What to do »
Produce an exact transcription of the data, with the images left out.

Dataset excerpts:
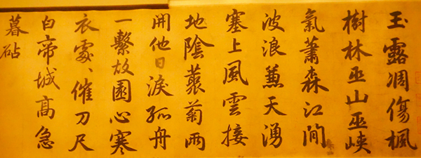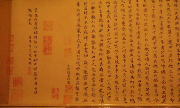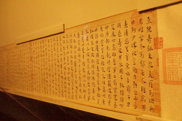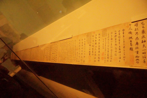 整个武英殿的展区分布大致是一个“工”字形状,有四个长方形的展区,中间有一个过道,过道的两边也有展柜。图片中就是通往后面两个展区的过道,青色的墙体上写着后人对于赵孟頫的评价以及赵孟頫一生的行迹。
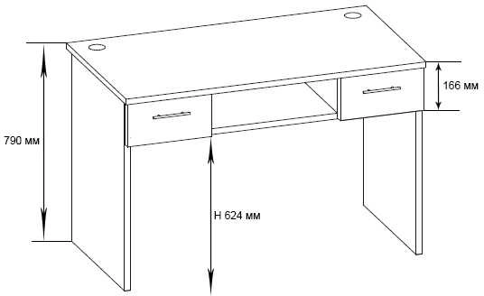 два выдвижных ящика и открытая ниша под столешницей
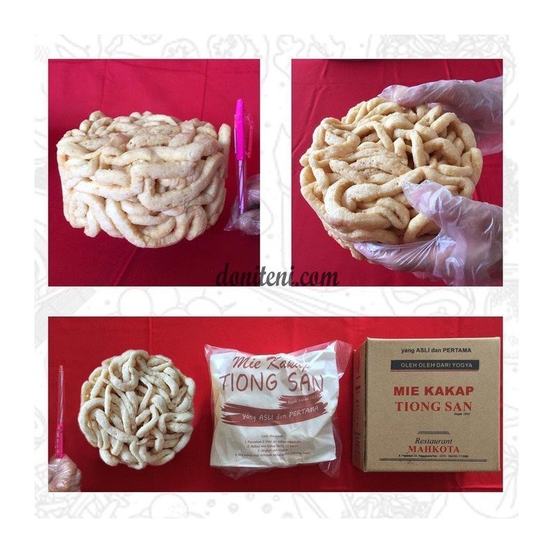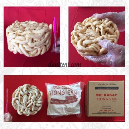 Kini telah hadir Mie Kakap Tiong San dalam bentuk kering dengan ukuran kecil, dapat dimasak menjadi 2 sampai 3 porsi masakan (mie kakap goreng/kuah) yang nikmat sesuai selera anda, selain itu juga dapat dijadikan camilan yang enak dan renyah. Mie Kakap Tiong San yang Asli dan Pertama hanya diproduksi oleh Restaurant Mahkota (d/h Tiong San) sejak tahun 1937 di Yogyakarta. Mie Kakap Tiong San bukan mie biasa, karena dibuat menggunakan bahan utama ikan kakap segar, tepung dan telur berkualitas untuk menghasilkan mie dengan cita rasa yang sangat unik. Mie Kakap Tiong San dalam bentuk kering mempunyai ciri khas tersendiri dan tidak menggunakan bahan pengawet, sehingga hanya dapat tahan selama 1 bulan dalam suhu ruangan atau 3 bulan jika disimpan dalam lemari pendingin (kulkas).
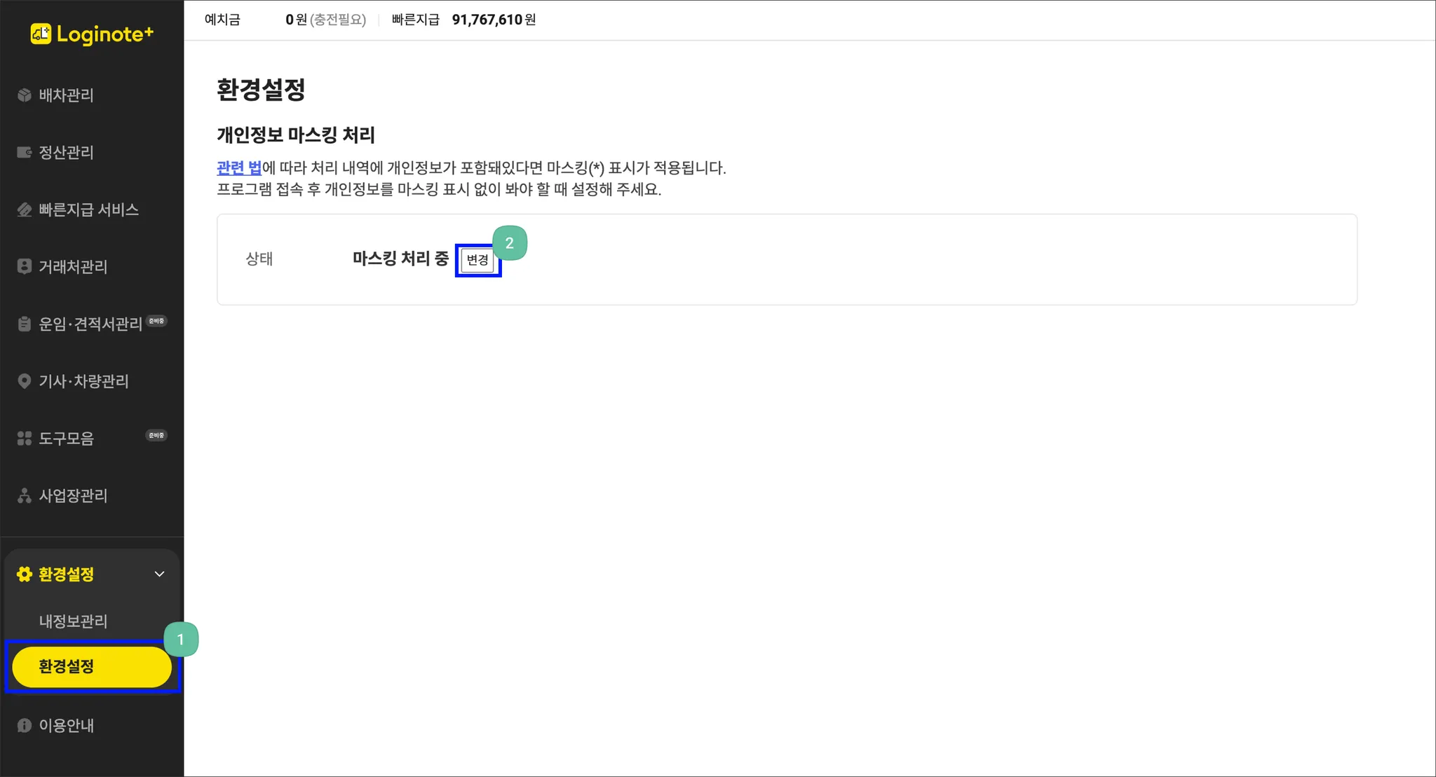 환경설정 페이지의 개인정보 마스킹 처리에서 [변경] 버튼을 클릭해 주세요.
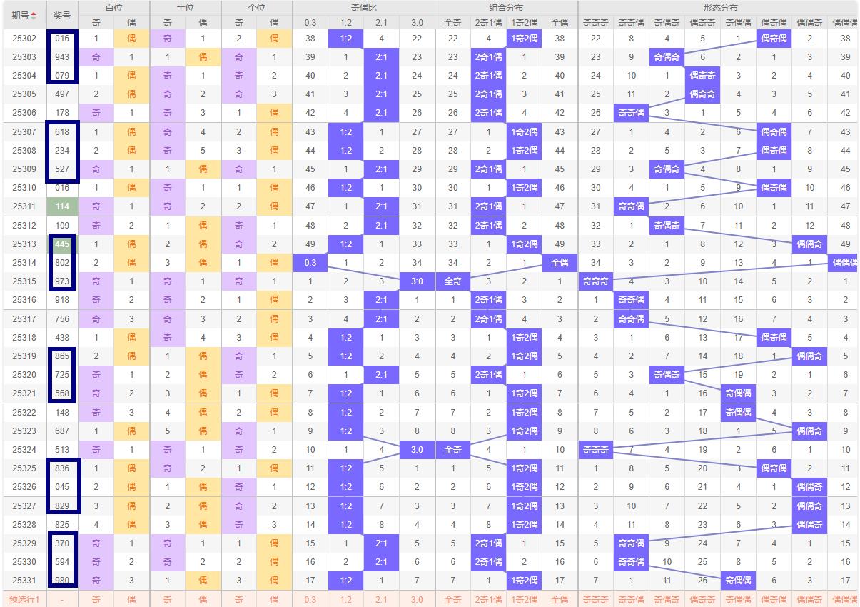奇偶比例分析 奇偶比例同样是排列3分析中的重要一环。331期开奖号码为980奇偶比为1:2,即1个奇数和2个偶数。从近期走势图来看,奇偶比例分布较为均衡,没有出现明显的偏态。因此,本期可以继续关注1:2或者2:1的奇偶比例。可以根据这一比例进行号码筛选。

Response to the exercise »
 整个武英殿的展区分布大致是一个“工”字形状,有四个长方形的展区,中间有一个过道,过道的两边也有展柜。图片中就是通往后面两个展区的过道,青色的墙体上写着后人对于赵孟頫的评价以及赵孟頫一生的行迹。
 два выдвижных ящика и открытая ниша под столешницей
 Kini telah hadir Mie Kakap Tiong San dalam bentuk kering dengan ukuran kecil, dapat dimasak menjadi 2 sampai 3 porsi masakan (mie kakap goreng/kuah) yang nikmat sesuai selera anda, selain itu juga dapat dijadikan camilan yang enak dan renyah. Mie Kakap Tiong San yang Asli dan Pertama hanya diproduksi oleh Restaurant Mahkota (d/h Tiong San) sejak tahun 1937 di Yogyakarta. Mie Kakap Tiong San bukan mie biasa, karena dibuat menggunakan bahan utama ikan kakap segar, tepung dan telur berkualitas untuk menghasilkan mie dengan cita rasa yang sangat unik. Mie Kakap Tiong San dalam bentuk kering mempunyai ciri khas tersendiri dan tidak menggunakan bahan pengawet, sehingga hanya dapat tahan selama 1 bulan dalam suhu ruangan atau 3 bulan jika disimpan dalam lemari pendingin (kulkas).
 환경설정 페이지의 개인정보 마스킹 처리에서 [변경] 버튼을 클릭해 주세요.
奇偶比例分析 奇偶比例同样是排列3分析中的重要一环。331期开奖号码为980奇偶比为1:2,即1个奇数和2个偶数。从近期走势图来看,奇偶比例分布较为均衡,没有出现明显的偏态。因此,本期可以继续关注1:2或者2:1的奇偶比例。可以根据这一比例进行号码筛选。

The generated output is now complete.